» **THE PROBLEM**: Look below for the line that contains "blur of a cut.", then copy it and each following line exactly, through and including the line that contains "CRZ YOGA Womens".

» **TASK MATERIAL**:

※ ※ ※

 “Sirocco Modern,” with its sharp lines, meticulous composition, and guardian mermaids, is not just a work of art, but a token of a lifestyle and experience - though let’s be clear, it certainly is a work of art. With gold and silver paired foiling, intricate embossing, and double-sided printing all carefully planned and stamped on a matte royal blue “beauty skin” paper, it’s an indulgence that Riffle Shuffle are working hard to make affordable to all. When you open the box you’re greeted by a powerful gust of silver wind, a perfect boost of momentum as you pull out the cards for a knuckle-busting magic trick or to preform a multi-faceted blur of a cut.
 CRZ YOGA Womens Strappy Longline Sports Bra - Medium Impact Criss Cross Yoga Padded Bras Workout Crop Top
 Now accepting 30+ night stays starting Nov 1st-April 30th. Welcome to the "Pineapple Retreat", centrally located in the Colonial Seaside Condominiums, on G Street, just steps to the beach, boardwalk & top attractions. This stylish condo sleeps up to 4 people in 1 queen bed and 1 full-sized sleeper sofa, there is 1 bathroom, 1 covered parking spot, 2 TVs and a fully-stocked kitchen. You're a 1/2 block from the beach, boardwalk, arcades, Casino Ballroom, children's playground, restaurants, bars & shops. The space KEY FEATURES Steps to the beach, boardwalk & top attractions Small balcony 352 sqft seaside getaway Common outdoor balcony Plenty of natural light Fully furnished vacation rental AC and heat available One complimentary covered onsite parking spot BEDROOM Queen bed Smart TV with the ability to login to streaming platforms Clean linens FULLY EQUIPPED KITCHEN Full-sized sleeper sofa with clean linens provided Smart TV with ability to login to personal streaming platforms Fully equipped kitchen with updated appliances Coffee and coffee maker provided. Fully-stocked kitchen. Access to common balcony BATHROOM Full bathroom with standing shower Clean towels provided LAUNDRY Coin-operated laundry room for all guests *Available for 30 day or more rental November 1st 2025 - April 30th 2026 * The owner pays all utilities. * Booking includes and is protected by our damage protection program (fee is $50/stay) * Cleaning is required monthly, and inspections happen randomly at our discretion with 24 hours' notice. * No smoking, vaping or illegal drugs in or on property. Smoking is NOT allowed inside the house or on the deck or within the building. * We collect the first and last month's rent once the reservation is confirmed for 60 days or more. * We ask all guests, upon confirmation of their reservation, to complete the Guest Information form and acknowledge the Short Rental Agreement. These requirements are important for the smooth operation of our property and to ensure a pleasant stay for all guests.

※ ※ ※

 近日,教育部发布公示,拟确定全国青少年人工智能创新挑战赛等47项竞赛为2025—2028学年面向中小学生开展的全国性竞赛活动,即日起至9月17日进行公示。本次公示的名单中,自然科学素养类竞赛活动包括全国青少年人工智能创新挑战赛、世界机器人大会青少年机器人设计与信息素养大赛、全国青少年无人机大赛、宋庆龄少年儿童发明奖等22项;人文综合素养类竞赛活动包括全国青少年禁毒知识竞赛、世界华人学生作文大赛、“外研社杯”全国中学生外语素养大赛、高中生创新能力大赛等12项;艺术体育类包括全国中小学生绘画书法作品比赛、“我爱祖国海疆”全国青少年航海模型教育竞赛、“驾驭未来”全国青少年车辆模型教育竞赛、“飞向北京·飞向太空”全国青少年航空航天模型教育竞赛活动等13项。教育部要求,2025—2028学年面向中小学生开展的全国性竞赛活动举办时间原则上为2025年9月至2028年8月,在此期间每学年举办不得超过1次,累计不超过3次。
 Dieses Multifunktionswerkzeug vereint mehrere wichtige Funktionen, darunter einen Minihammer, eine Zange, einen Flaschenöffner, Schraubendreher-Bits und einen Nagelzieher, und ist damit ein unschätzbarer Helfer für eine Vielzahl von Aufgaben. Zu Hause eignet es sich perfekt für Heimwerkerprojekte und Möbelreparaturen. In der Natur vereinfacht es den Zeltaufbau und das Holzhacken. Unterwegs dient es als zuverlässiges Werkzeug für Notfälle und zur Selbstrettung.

※ ※ ※

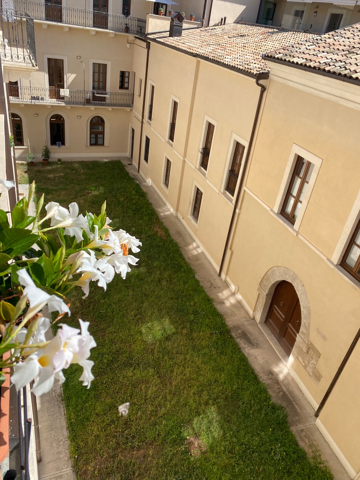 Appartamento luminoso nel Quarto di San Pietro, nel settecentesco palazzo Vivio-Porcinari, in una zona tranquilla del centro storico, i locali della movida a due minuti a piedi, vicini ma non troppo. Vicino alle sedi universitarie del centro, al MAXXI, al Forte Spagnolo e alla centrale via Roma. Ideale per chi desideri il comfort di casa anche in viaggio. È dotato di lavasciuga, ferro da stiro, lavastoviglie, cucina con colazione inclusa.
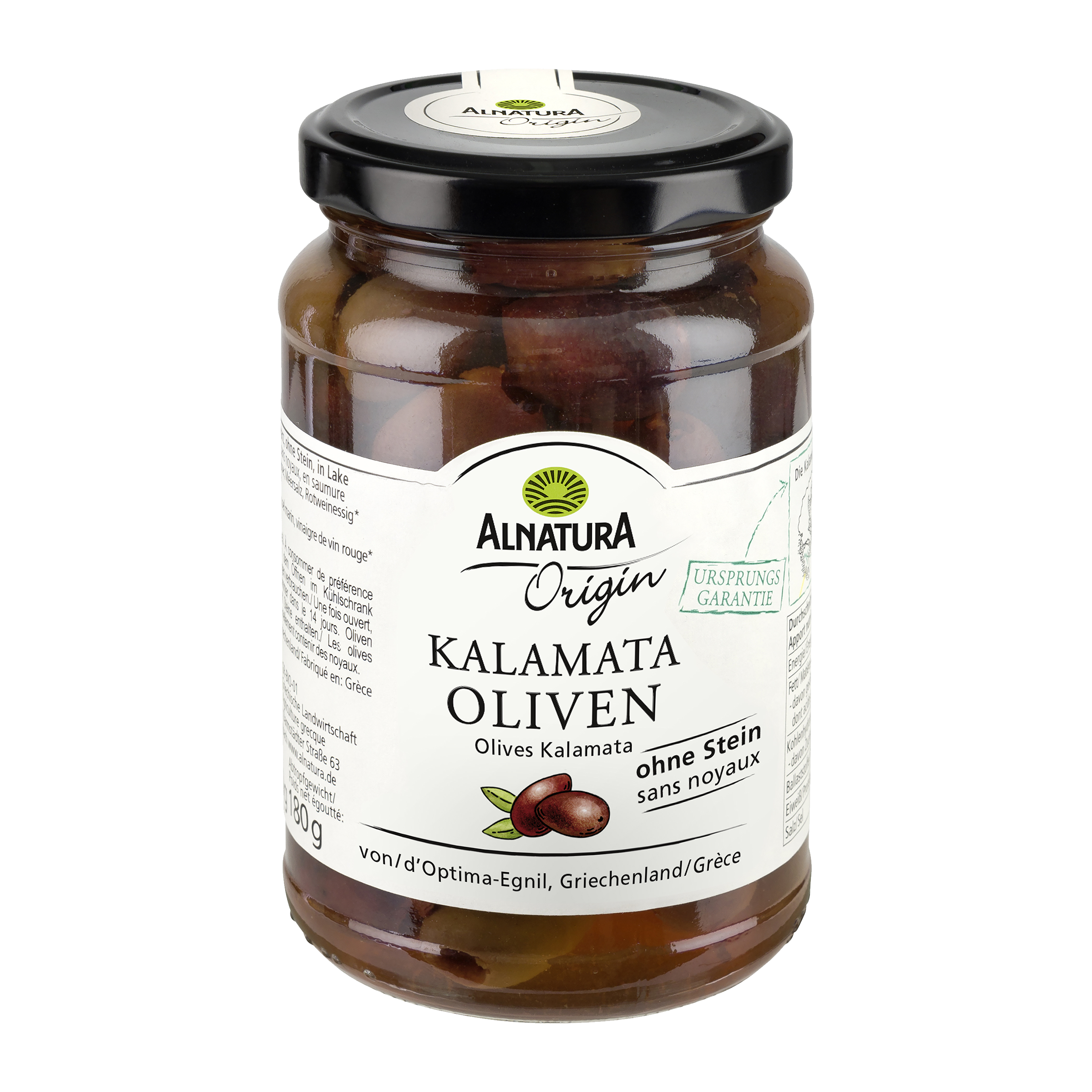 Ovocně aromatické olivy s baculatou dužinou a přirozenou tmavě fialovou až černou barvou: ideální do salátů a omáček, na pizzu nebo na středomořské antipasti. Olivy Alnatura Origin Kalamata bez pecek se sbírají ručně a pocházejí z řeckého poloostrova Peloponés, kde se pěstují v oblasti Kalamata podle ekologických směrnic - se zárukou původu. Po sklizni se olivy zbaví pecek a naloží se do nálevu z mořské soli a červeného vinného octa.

※ ※ ※

» **ANSWER BOX**:
 “Sirocco Modern,” with its sharp lines, meticulous composition, and guardian mermaids, is not just a work of art, but a token of a lifestyle and experience - though let’s be clear, it certainly is a work of art. With gold and silver paired foiling, intricate embossing, and double-sided printing all carefully planned and stamped on a matte royal blue “beauty skin” paper, it’s an indulgence that Riffle Shuffle are working hard to make affordable to all. When you open the box you’re greeted by a powerful gust of silver wind, a perfect boost of momentum as you pull out the cards for a knuckle-busting magic trick or to preform a multi-faceted blur of a cut.
 CRZ YOGA Womens Strappy Longline Sports Bra - Medium Impact Criss Cross Yoga Padded Bras Workout Crop Top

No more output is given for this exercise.